● **EXERCISE DIRECTIONS**: Go through the listing below and retype exactly the lines starting at the one with "2 Samuel 23:37" and ending at the one with "65% polyester, 35%", skipping pictures.

══ GIVEN DATA ══

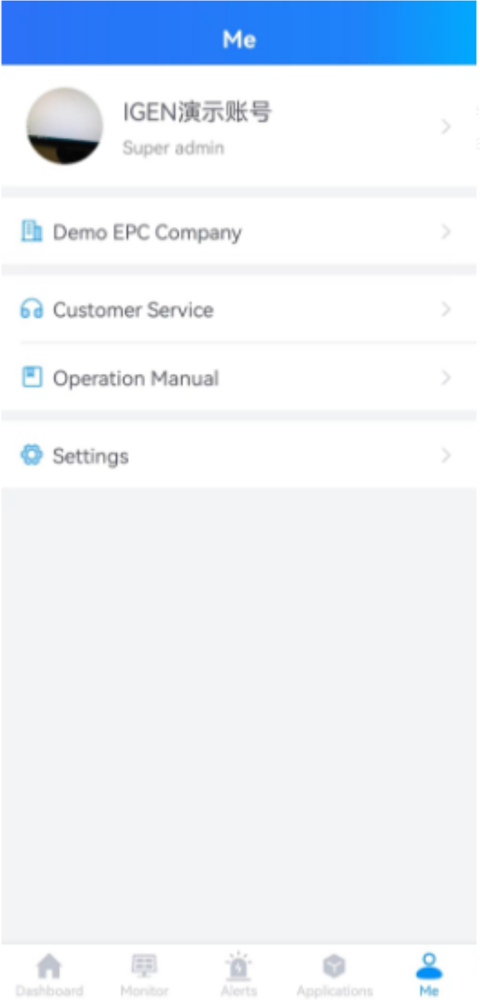The【Me】section is mainly used to manage the personal information, merchant information and basic settings of the login account. You can view the current APP application login account information, or support the selection of my customer service, operation manual, settings and other related functions to facilitate your experience of related operations.
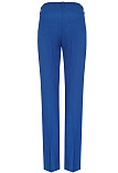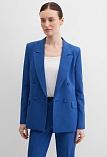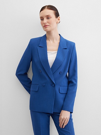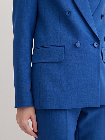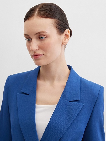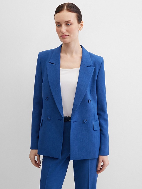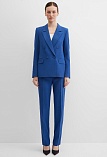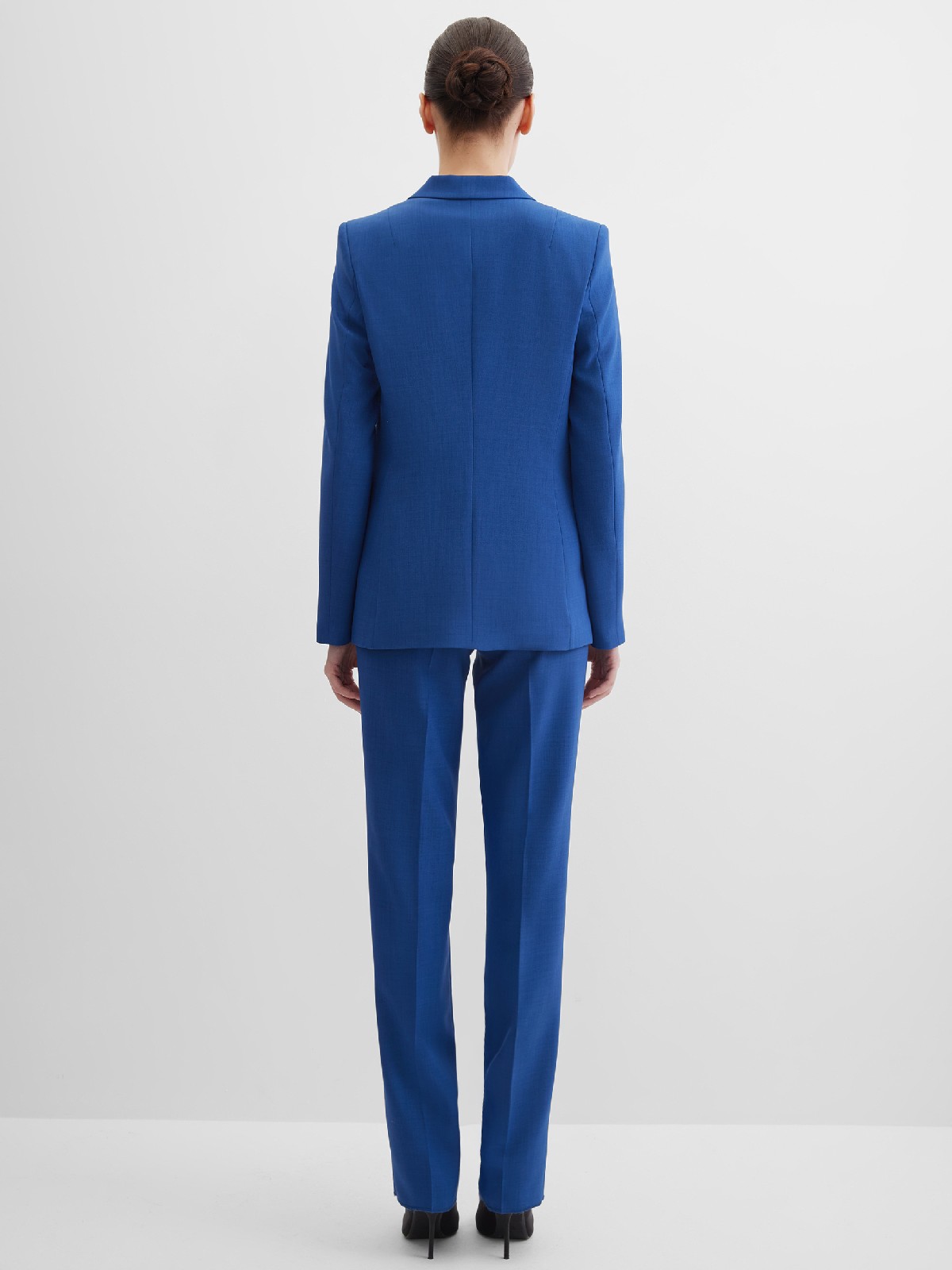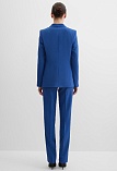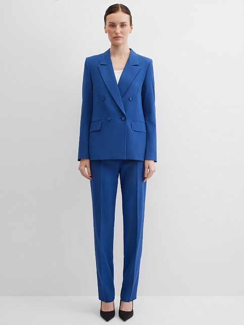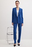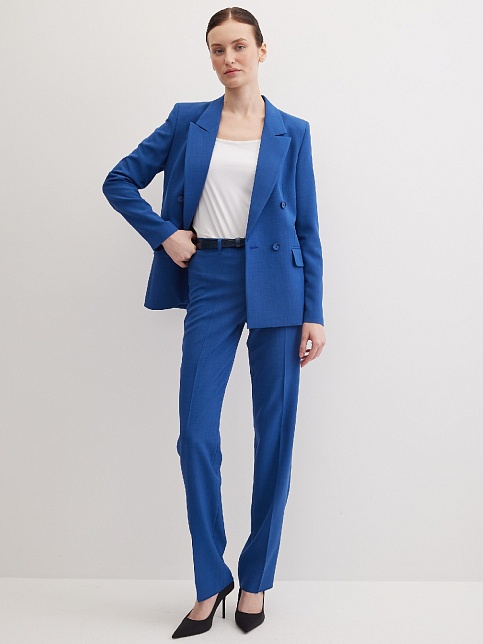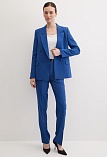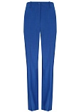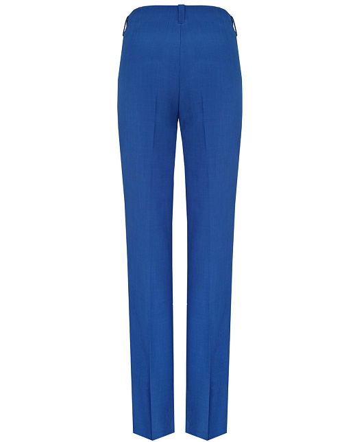 Классические брюки прямого кроя из поливискозной ткани в насыщенно синем цвете, модель без пояса, с талиевыми вытачками и шлевками под ремень, посадка средняя, застежка на молнию и пуговицу спереди, заутюженные стрелки, низ обработан от осыпания ткани, но не подогнут - это позволяет скорректировать длину брюк под свой рост, без подкладки и карманов. Поливискозная ткань - это смесовая ткань, в состав которой входят волокна вискозы и полиэстера. Ткань практически не подвержена истиранию.
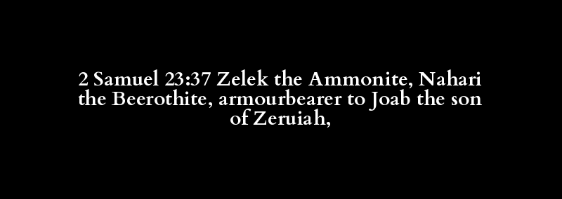 2 Samuel 23:37 Zelek the Ammonite, Nahari the Beerothite, armourbearer to Joab the son of Zeruiah,
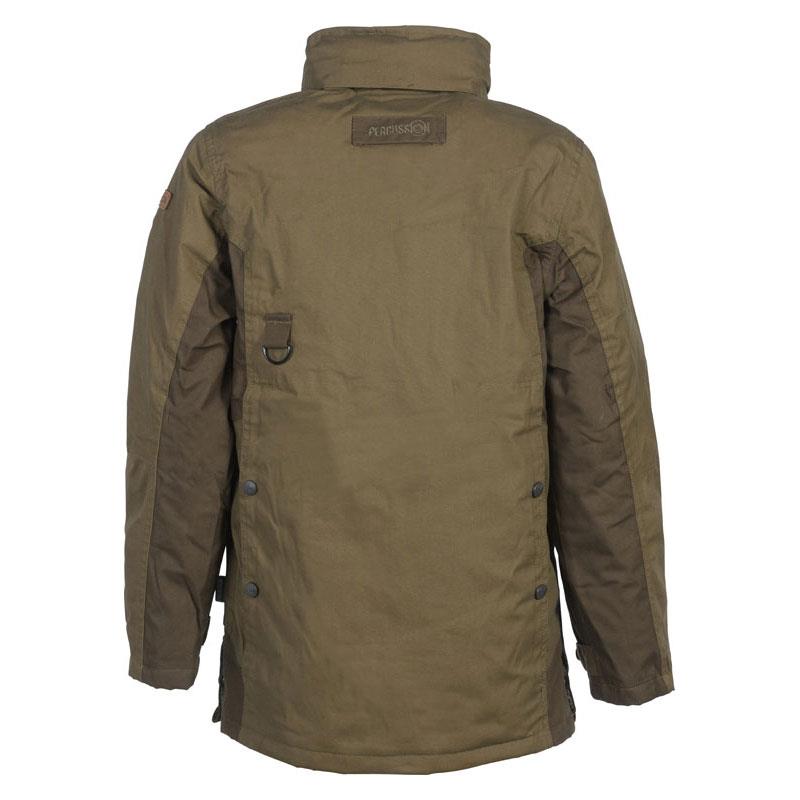 65% polyester, 35% cotton. With waterproof and breathable polyurethane membrane, sealed seams, 100% polyester wadding. Lining 100% polyester. Waterproof fabric. Hand-warmer pockets, 2 large lower pockets, 2 inner pockets, game bag, game-carrying ring, hood integrated into the collar
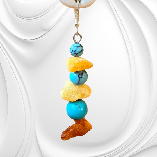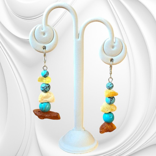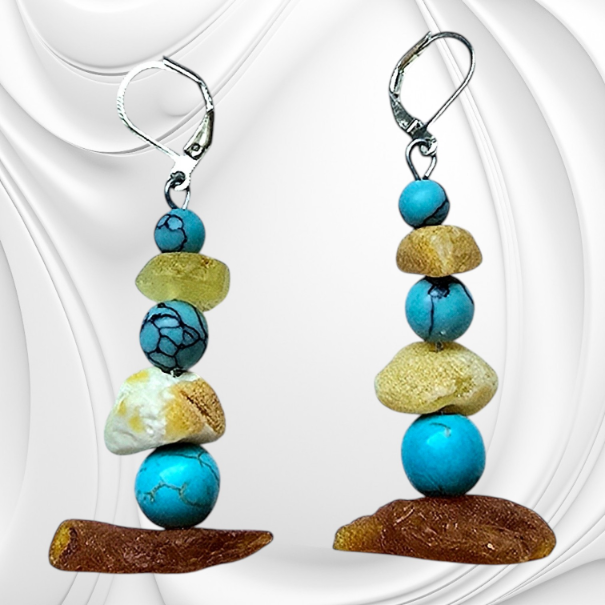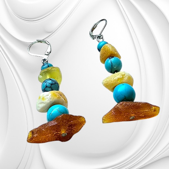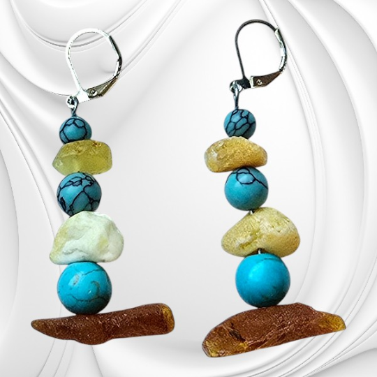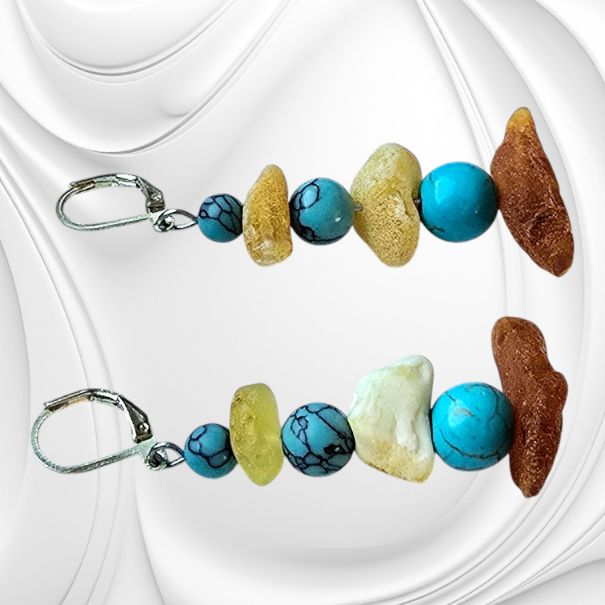 Kolczyki z nieregularnych bryłek naturalnego bursztynu bałtyckiego i turkmenitu. Oryginalna biżuteria z kamieni naturalnych ze srebrnym zapięciem.

═══

● **THE ANSWER**:
 2 Samuel 23:37 Zelek the Ammonite, Nahari the Beerothite, armourbearer to Joab the son of Zeruiah,
 65% polyester, 35% cotton. With waterproof and breathable polyurethane membrane, sealed seams, 100% polyester wadding. Lining 100% polyester. Waterproof fabric. Hand-warmer pockets, 2 large lower pockets, 2 inner pockets, game bag, game-carrying ring, hood integrated into the collar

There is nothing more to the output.